> [The task] Print only the lines from the one with "For the quarter" through the end of the data, exactly, and please omit pictures.

Data extracted from a collection:
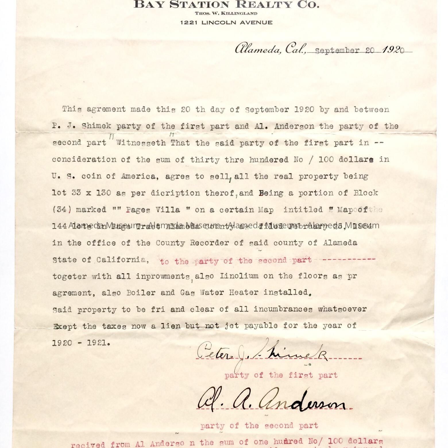 Typewritten contract stating that Alfred A. Anderson agrees to pay P. J. Shimek $3,300 for the property known as 1614 Bay Street, Alameda.
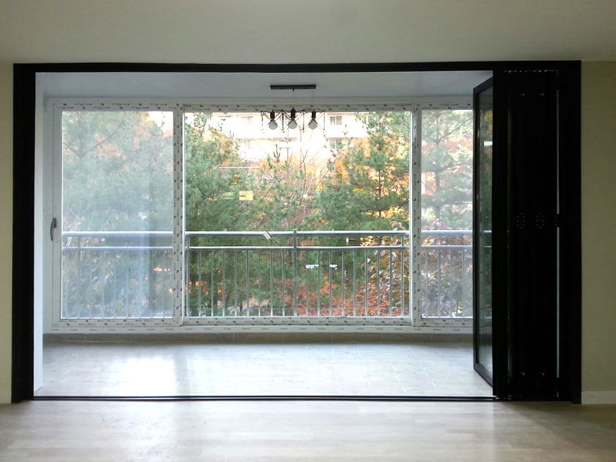 분당시에 위치한 유천 화인아파트 베란다 폴딩도어 시공 사례 입니다.
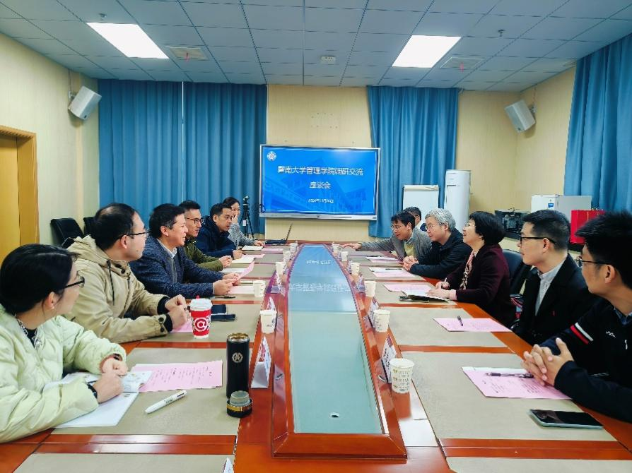 在自由讨论环节,双方就培养学科交叉复合型人才、建设数字商科、有组织科研的体系与模式、重大科研项目申报、实验中心服务智库和平台建设等议题进行了深入交流。
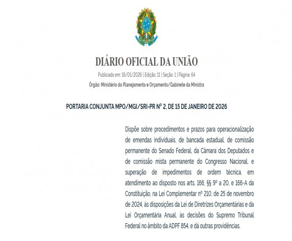 Portaria estabelece regras para execução de emendas parlamentares; CNM orienta g...
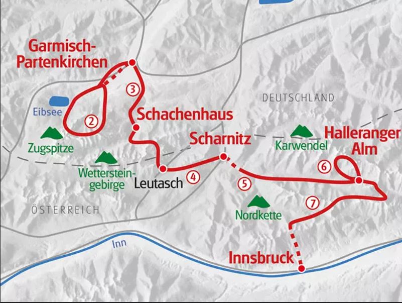 Sie durchqueren den Nationalpark Karwendel hinauf bis zur Nordkette, wo Sie mit der Seilbahn ins Tal nach Innsbruck schweben.
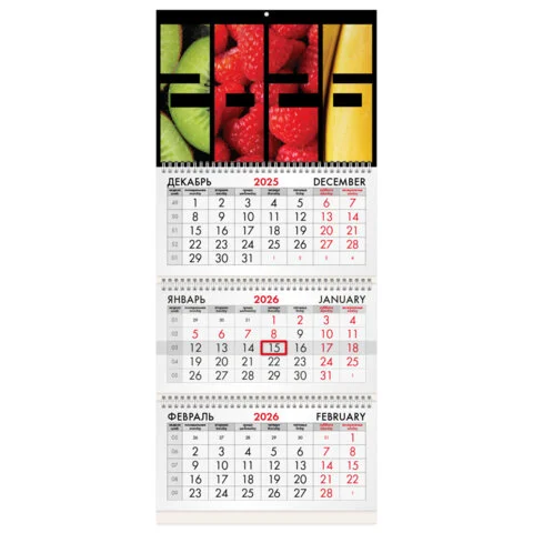 Календарь квартальный на 2026 г., 3 блока, 3 гребня, бегунок, офсет, BRAUBERG, 'Фрукты', 116775
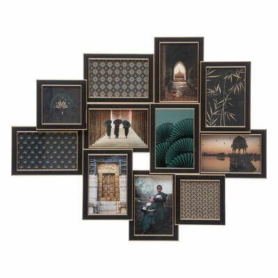 Multirám Flavie je ideální volbou pro ty, kteří chtějí vytvořit stylovou fotogalerii na stěně. Díky 11 místům na fotografie v různých formátech můžete vyprávět svůj osobní příběh – od rodinných portrétů, přes snímky z cest až po umělecké fotografie. Pečlivě zvolená barevnost – černý rám se zlatými detaily – dokonale zapadá do trendů moderního stylu s nádechem glamour a dodává interiéru eleganci i výraznost.
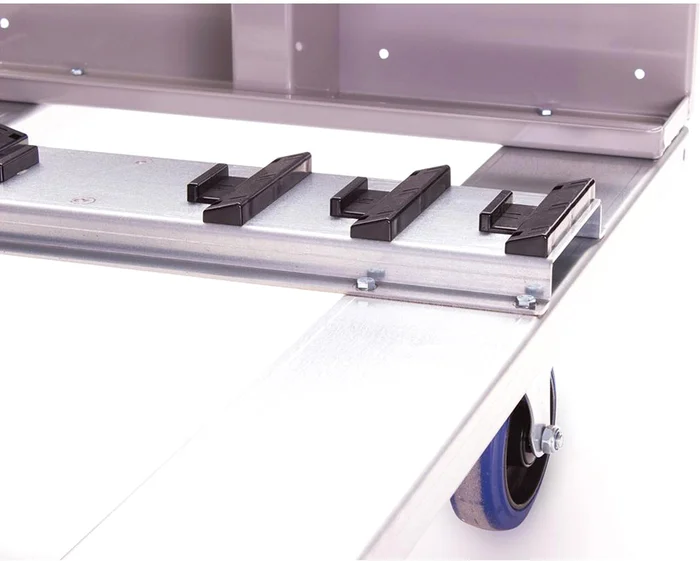 Kostengünstig und zeitsparend ermöglicht unser Stagedeck-Wagen den effizienten Transport von bis zu 6 Bühnendecks auf einmal. Dank seines ergonomischen Designs lassen sich die Bühnenelemente leicht einschieben, so dass Ihr Rücken beim Beladen des Wagens nicht übermäßig belastet wird. Der Dolly nutzt eine Gesamtfläche von 59 x 105 cm in einem LKW. Bei dieser Größe können Sie vier Wagen nebeneinander in einem Lkw unterbringen. Die Ladefläche lässt sich leicht in die Aussparungen des Wagens schieben, und eine Abschrägung an der Unterseite des Wagens verhindert, dass die Ladefläche gegen den Rücken fällt. Jedes Deck kann mit einer Schraube an der Seite des Wagens gesichert werden. Für den Transport empfehlen wir, alle Decks mit einem Gurt zu sichern. Es ist auch möglich, weitere Räder unter den Wagen zu montieren.
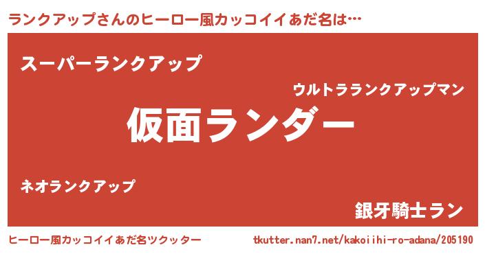 | 胡散臭い通販商品みたいなあだ名 | 『あなたにだけ特別に提供する世界で10本だけ現存している希少なブランデー…その名も「ランクアップ」』 |
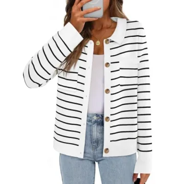 Show moreIntroducing the MEROKEETY Women's 2024 Fall Knit Striped Long Sleeve Sweater, the perfect addition to your autumn wardrobe. This stylish cardigan features a beautiful navy color that stands out, making it not only a practical choice but also a fashionable one. Crafted with a soft, skin-friendly, and breathable fabric, it offers unbeatable comfort against the skin while providing ample warmth for chilly days. The long sleeves and classic lapel collared neckline design add an elegant touch, transforming a simple sweater into a sophisticated staple. The modern striped style brings a contemporary flair to your outfit, making it easy to dress up for work or keep it casual for a day out.
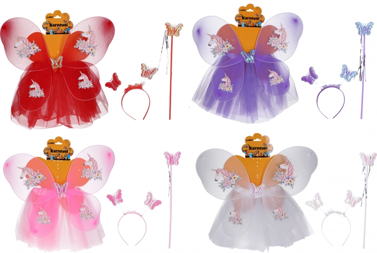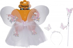 Karnevalski kostim vila savršen je izbor za male čarobnice koje žele zablistati na karnevalskoj zabavi ili tematskom događaju. Set uključuje suknju, krila, čarobni štapić i obruč za kosu za potpunu transformaciju u vilu.
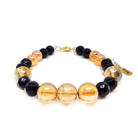 Figyelem! Nem szakad, nem nyúlik! Tartós ékszer. Az ékszer ásványai és tartozékai: – 10 mm-es és 8 mm-es angyal aura gyöngyök – 8 mm-es ónix ásvány gyöngy – M.King márkajelzésű nemesacél logóbiléta a csatnál – Záródása:
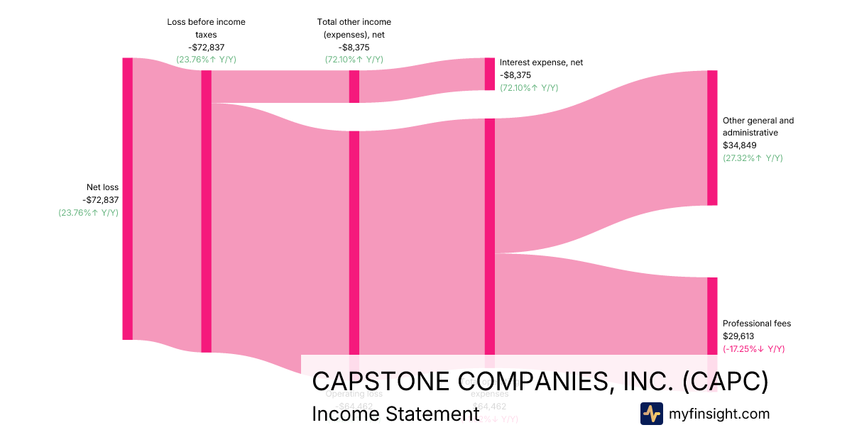 For the quarter ending 2025-09-30, CAPC made $64,462 in revenue. -$72,837 in net income. Net profit margin of -112.99%.
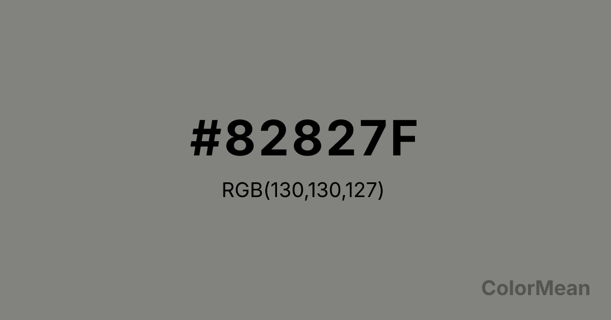 #82827F RGB value is (130, 130, 127). The hex color red value is 130, green is 130, and blue is 127. Its HSL format shows a hue of 60°, saturation of 1 percent, and lightness of 50 percent. The CMYK process values are 0 percent, 0 percent, 2 percent, 49 percent.

> [Task solution]
 For the quarter ending 2025-09-30, CAPC made $64,462 in revenue. -$72,837 in net income. Net profit margin of -112.99%.
 #82827F RGB value is (130, 130, 127). The hex color red value is 130, green is 130, and blue is 127. Its HSL format shows a hue of 60°, saturation of 1 percent, and lightness of 50 percent. The CMYK process values are 0 percent, 0 percent, 2 percent, 49 percent.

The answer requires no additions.